For anyone not familiar with the financial markets – and that could be a significant portion of the 44 percent of American workers estimated to be employed by firms not offering retirement plans – the greater the risk, the higher the rate of return. The objective is to put money in the best mix of investments – stocks, bonds and other types – to meet goals, years to retirement and tolerance for risk. That takes knowledge, time, dedication and relentless research to achieve.
Nancy Jauregui, owner of Grand Canyon Financial, identifies the barrier to Americans saving money for retirement more as a need for education and perseverance than the creation of new investment vehicles and government involvement.
“We need financial education in the schools,” Jauregui explained. “That’s the problem. We should be teaching young people what they should be doing financially when they get out of school. It’s more about education than another [savings] option to participate in.”
Jauregui also emphasizes personal responsibility in planning financially for life and retirement.
“People need to look at their budget and their personal economy,” she advised. “Don’t look to Washington and Wall Street to fix it.
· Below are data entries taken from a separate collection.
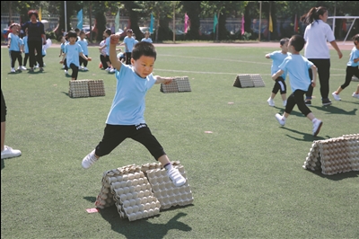 孩子们在用蛋托玩“跨栏”游戏。日前,北京市丰台区嘉园第一幼儿园举办第七届武术节,利用蛋托、纸箱等废旧物品制作的游戏道具,深受孩子们的欢迎。
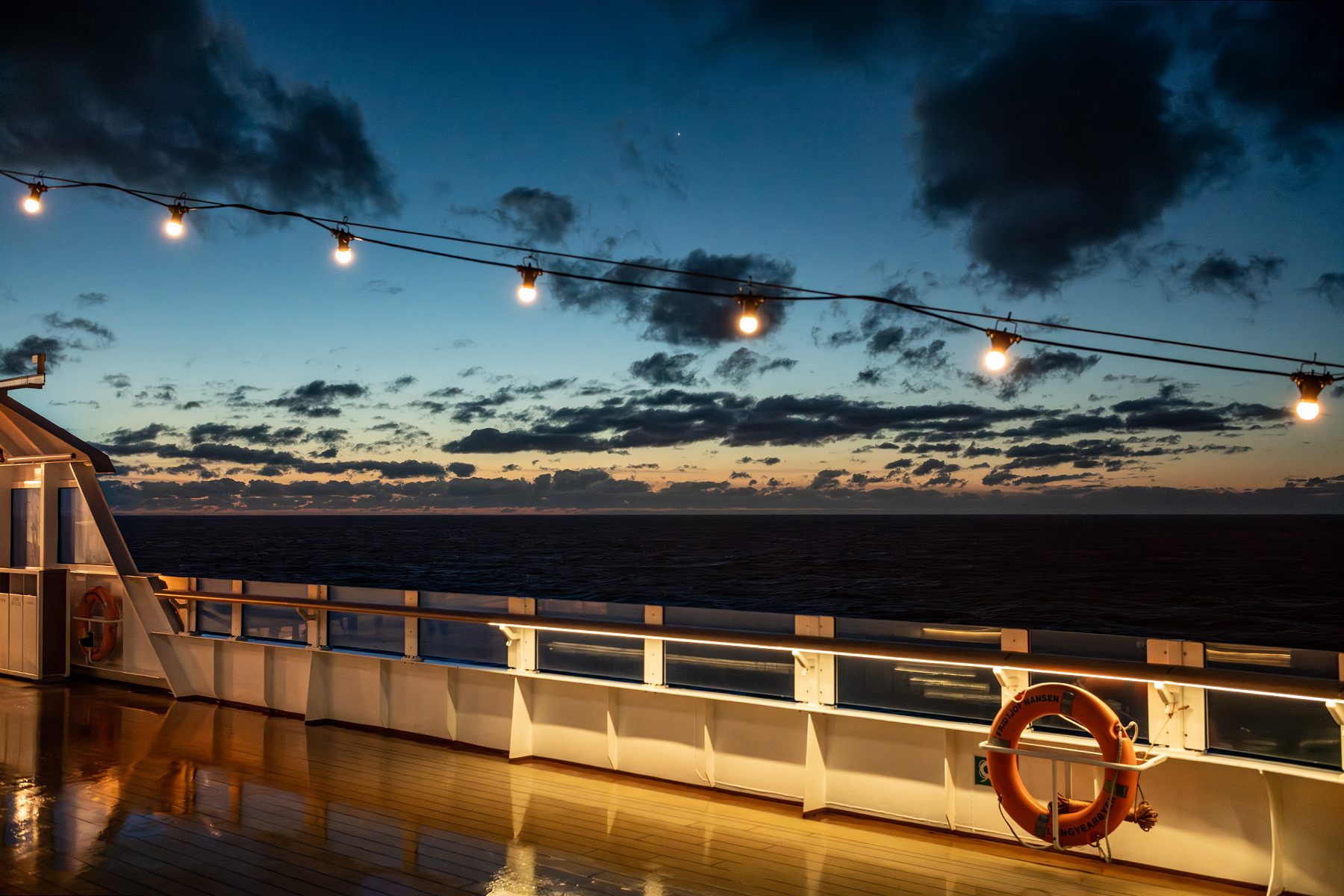 Zweiter Nachtrag: vor ein paar Minuten wurden wir aufgeschreckt – es ist immerhin schon nach 21:00 Uhr - dass es Steuerboard Buckelwale gibt. Also in die Schuhe, in die Jacken, unter die Hauben und auf Deck 10. Ich habe keine Wale gesehen nur viel Fluggetier, das uns begleitet. Und so ist halt immer was los auf hoher See.
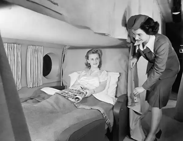 2. Пассажиры на борту «Boeing Stratocruiser». Этот двухэтажный самолет был снабжен кроватями и VIP-комнатой с баром. Так что долгие перелеты превращались в приятное путешествие. (Bettmann / Corbis)
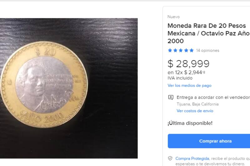 Actualmente, puedes encontrar esta moneda ofertada en Mercado libre, donde puede costar entre 15 mil y 30 pesos, aunque, de acuerdo con este sitio, puede valer incluso menos de mil pesos.
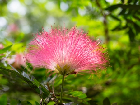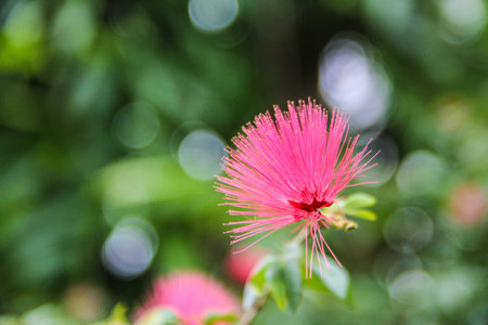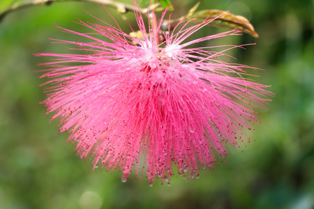 Pink powderpuff flower, shallow DoF(depth of field), Calliandra surinamensis, Family Mimosaceae, common names Pink Powder Puff, Pompon De Marin, Surinam Powderpuff, Surinamese Stickpea

People have to do this on their own. It takes a level of education, but grit, too.”
Account owners will pay no fees and employers will offer the plan as another payroll deduction option, with the federal government managing the program. Under this scenario, employers should have little responsibility other than providing the option to their employees, if ownership chooses to participate.
The U.S. Treasury reportedly is looking at a mix of small, medium and large companies for a pilot program to be introduced by year-end. This begs the question: what, if anything, can be done locally to encourage people to begin saving or accumulate more for retirement?
“People don’t have as much money, but they are not getting into debt like they were 10 years ago,” Hepburn said. “And that is a step towards savings and financial growth. It’s already happening.”
An individual today can open an IRA account with a company such as Oppenheimer or Putnam, and build it with deposits of only $25, Jauregui said. These and other vehicles already are in place to help people save for retirement, if they know where to look and how to participate. Those without this knowledge have the option of working with a financial advisor, such as Hepburn, Jauregui or others who have set up shop in the area.
Advantages touted by proponents of myRA include freedom from sales commissions and account management fees, plus a smaller sum to initially open accounts. Jauregui acknowledges public confusion, concern and hesitancy to seek investment advice.
Call one or more financial advisors and ask how they are paid, Jauregui recommends, noting that they should be comfortable explaining this to clients. Find out how often they would meet with the client during the year and how available they would be for consultation when situations or opportunities changed. She emphasized that there are “no free lunches” and that most businesses are for-profit rather than charitable entities. Many of the entry-level accounts she manages earn her one percent, which is paid from earnings and deducted from the calculated rate of return.
Putting money in a savings account at a bank currently is a bigger risk than investing in the stock market, Jauregui says, because the bank’s rate of return is not keeping up with inflation. MyRA also is subject to inflation risk. Alternatively, there are day-to-day ups and downs in the stock market, volatility she calls “the new normal.” These vastly different scenarios support the case for ongoing research and understanding market influencers.
“I am a researcher,” Jauregui said. “It’s my job to do the research. It’s what [my clients] are paying me for. I am [their] eyes. I give [their] money a voice.” QCBN
Photo:
Grand Canyon Financial owner Nancy Jauregui says the key to investing for retirement is education and grit.